Al respecto esta Sala de la Corte ha sostenido que « (…) las solicitudes para ser resueltas por los administradores de justicia en el interior de los procesos judiciales, no se rigen por el derecho de petición y la regulación de éste en el Código Contencioso Administrativo, ya que como ha puntualizado la jurisprudencia, las peticiones que presenten las partes y los intervinientes en asuntos relacionados con la litis tienen un trámite en el que se aplican las reglas del proceso» (Ver sentencias del 21 de septiembre de 2010, Rad. 23842 y del 16 de enero de 2012, Radicado 36089, entre otras).

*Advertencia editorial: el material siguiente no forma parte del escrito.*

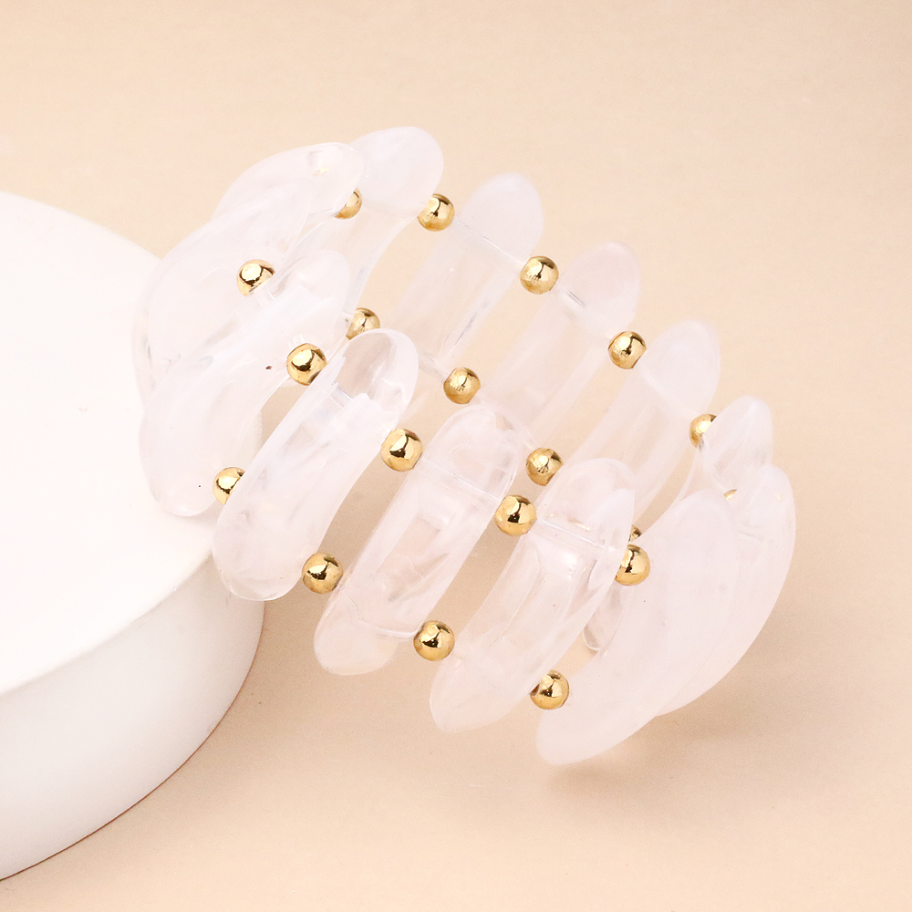 دستبند کشی پهن سفید با طراحی ساده و رنگ روشن، جلوه‌ای تمیز و مینیمال به استایل شما می‌بخشد. رنگ سفید این دستبند حس لطافت و سادگی ایجاد کرده و به‌راحتی با انواع استایل‌های روزمره و نیمه‌رسمی ست می‌شود.

Aun cuando lo anterior es suficiente para dar al traste con sus pedimentos, importa agregar que conforme a las documentales arrimadas por la autoridad judicial accionada, se observa que tal petición fue resuelta el pasado 15 de enero, en donde de manera clara y puntual se expusieron las razones por las cuales no era dable impartirle trámite a su solicitud, y que se condensan en que por tratarse en el fondo de una recusación, esta debía solicitarse a través de apoderado judicial, conforme lo exige el artículo 63 del C. de P. C..

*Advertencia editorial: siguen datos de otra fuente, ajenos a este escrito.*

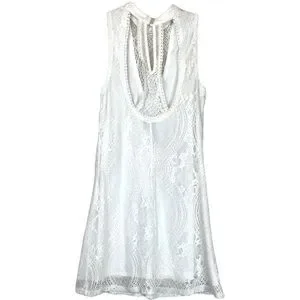 Francesca’s Trixxi White Lace High Mock Neck Shift Slip Tunic Dress size XS
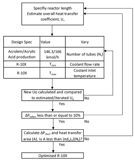 The optimization procedure, illustrated by Figure 2, entailed iteratively adjusting the tube length to determine the most efficient length for the reactor. The reactor tube length affects the tube and shell side pressure drops since pressure drop correlations are directly proportional to tube length. In addition, the tube length determines the overall dimensions of the reactor since the tube length is inversely proportional to the number of tubes. The tube length was therefore iteratively varied whilst Aspen Plus® (AspenTech, Bedford, MA, USA) models were used to determine the minimum number of tubes required for the respective tube length, the thermal fluid inlet temperature and thermal fluid flow rate required. The minimum number of tubes was governed by the propylene and acrolein conversions specified, which was ultimately dependent on the reaction kinetics and heat transfer within the reactor. Both the reaction kinetics and heat transfer were constrained by the allowable temperature ranges per reactor. The allowable temperature ranges per reactor were controlled by varying the thermal fluid inlet temperature and flow rate. Preliminary base case reactor optimizations illustrated large tube side pressure drops that were not conforming to the allowable 10% design constraint for economical and practical industrial reactors. Hollow cylinder catalyst particles were selected for the simulation to improve the tube side pressure drop to within the design constraint. Following the optimization of the tube side pressure drop, preliminary analysis was conducted on the shell-side pressure drop. The shell-side pressure drop was increased to promote more efficient heat transfer on the shell side. The same methodology was applied to reactor R-102.
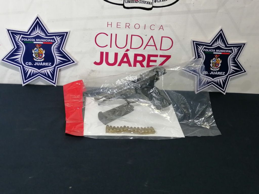 Ciudad Juárez.-Dos sujetos identificados como José Alberto M.B., de 47 años, y Cristopher R.S., de 25 años, circulaban a velocidad excesiva en una camioneta oscura, sin placas, y portaban armamento.
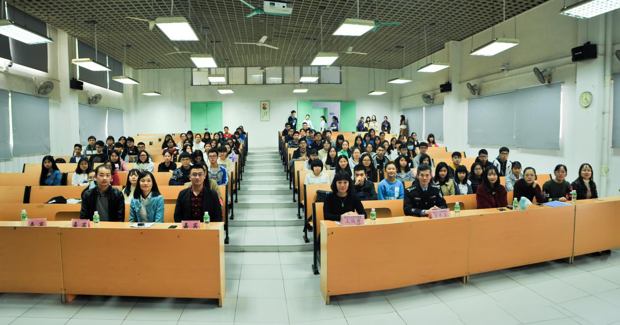 11月27日,由药学院承办的主题为“一身正气,秉志前行”的家长讲坛在广州校区教学楼D301举行。本次讲坛邀请到了广州市公安局黄埔区分局指挥中心一级警长罗穗强先生和东莞备安医疗用品有限公司办公室主任王绚峰女士担任主讲人,药学院院长陈家树教授和药学院全体师生及各院系教师代表参加了本次讲坛。

Siendo oportuno precisar que, pese a ello, tal petición fue tramitada de oficio por el magistrado, quien se manifestó impedido para conocer del asunto, el que fue declarado infundado por la Sala en determinación del 19 de enero de 2015, por lo que resulta indiscutible que hubo un pronunciamiento de fondo y siguiendo los cauces legales. Incluso, a fin de ahondar en razones, es claro que si el fin último perseguido con la acción de amparo no era otro que se resolviera un derecho de petición, el cual, como se manifestó, buscaba que el funcionario judicial al cual le fue repartido el proceso de impugnación de paternidad seguido por el aquí accionante, se abstuviera de decidir la instancia, la cual, conforme a las documentales que militan a folios 108 a 109 ya fue resuelta en audiencia pública del pasado 29 de enero, es claro que se configura lo que jurisprudencialmente se ha denominado «carencia actual de objeto» de la acción constitucional.

Finalmente, en relación al restante cuestionamiento que eleva el impugnante, y que recae precisamente en que en un aparte de dicho fallo, según afirma, se presentó « un error en su redacción » en cuanto al nombre de la demandada, situación que en su sentir muestra la falta de imparcialidad del magistrado ponente, por lo que reclama que se corrija dicho yerro y se « GARANTICE EN LA REDACCION DEL FALLO QUE CORRESPONDE A LA REALIDAD Y SE ME CERTIFIQUE QUE NO PRESENTA NINGUN VICIO EN SU FORMA Y FONDO»; para su desestimación basta señalar que se está introduciendo una nueva situación contra la autoridad accionada, por lo que no es susceptible de abordarse su estudio en esta sede, porque la acción de tutela, no obstante sus características brevedad y sumariedad, no es ajena a las reglas del debido proceso, el cual se desconocería, en este caso en particular, si la Sala se ocupa de un aspecto que no fue objeto de debate, el cual incluso solo fue puesto en conocimiento con posterioridad al fallo de primera instancia, por lo que sobre el mismo, lógicamente, la accionada, no tuvo la oportunidad de ejercer el derecho de defensa.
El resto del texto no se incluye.